True, others might, but these are special circumstances and I am a very, very special person (or so my parents tell me). I promise, no, pinky-promise, to spend my bailout money on only the best gifts for my loved ones, which I'll definitely be able to do with $10,000.

And if there's any money left after I am finished giving, I will put it towards next year's latte fund. Besides, as long as we're being reasonable people, let's not kid ourselves: you can afford this. And if you don't have the money, borrow it!

Some may have tried to sway you towards conservative spending by gently reminding you of the fact that our national deficit is edging into eleven-trillion dollar country. But what these people fail to realize is that there will always be another generation to take care of the debt. It's not our issue, so there's no need of us concerning ourselves with it, right? America has enough problems already.

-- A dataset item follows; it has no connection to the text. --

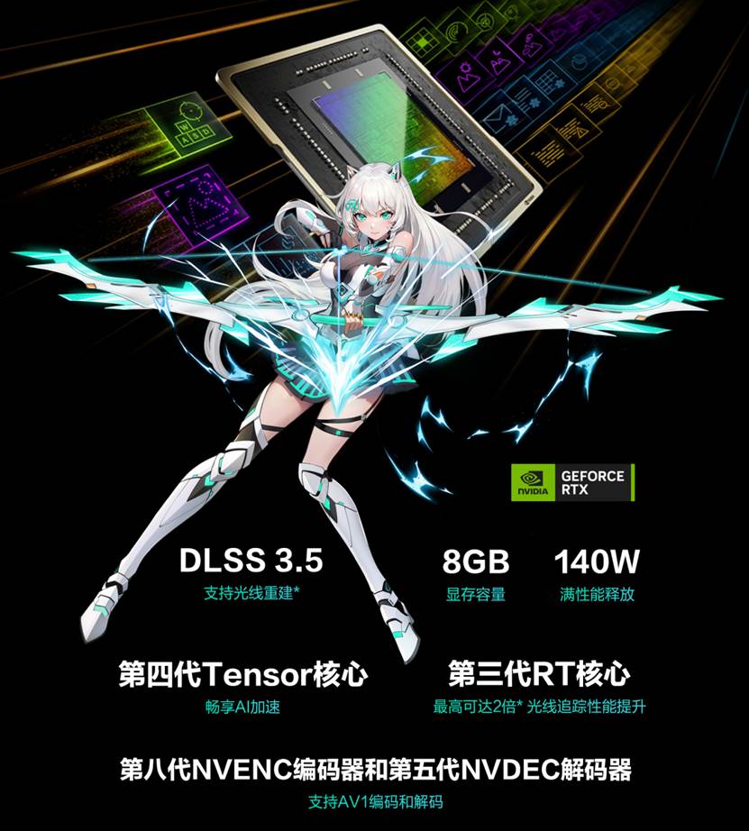 在顯卡方面,天選5 Pro銳龍版搭載了更適合電競愛好者們的RTX 4060/4070筆記本電腦GPU,配備8GB GDDR6大容量顯存,擁有140W滿性能。支持光追和DLSS 3.5技術,不僅能夠大幅度提高沉浸感和真實感,還可以在保證畫質的前提下讓游戲畫面更加流暢。此外,天選5 Pro全系還支持雙顯三模顯卡熱切換,更高性能與更長續航,隨意選擇。

In conclusion, I wish you a merry holiday season and fervently pray that you'll allow the Spirit of Christmas to guide you as you attempt to decide whether or not to grant my request. I completely understand that this must be an exceedingly difficult decision to make. But if you make it in a prayerful mindset, while remembering what this season is truly about and picturing me weeping in my bedroom because my beloved won't be getting anything from me this Christmas save for a hug and a nice card, the answer will come in time.


Nathan P. Kitzmann

Nathan Kitzmann is a sophomore at Detroit Lakes High School.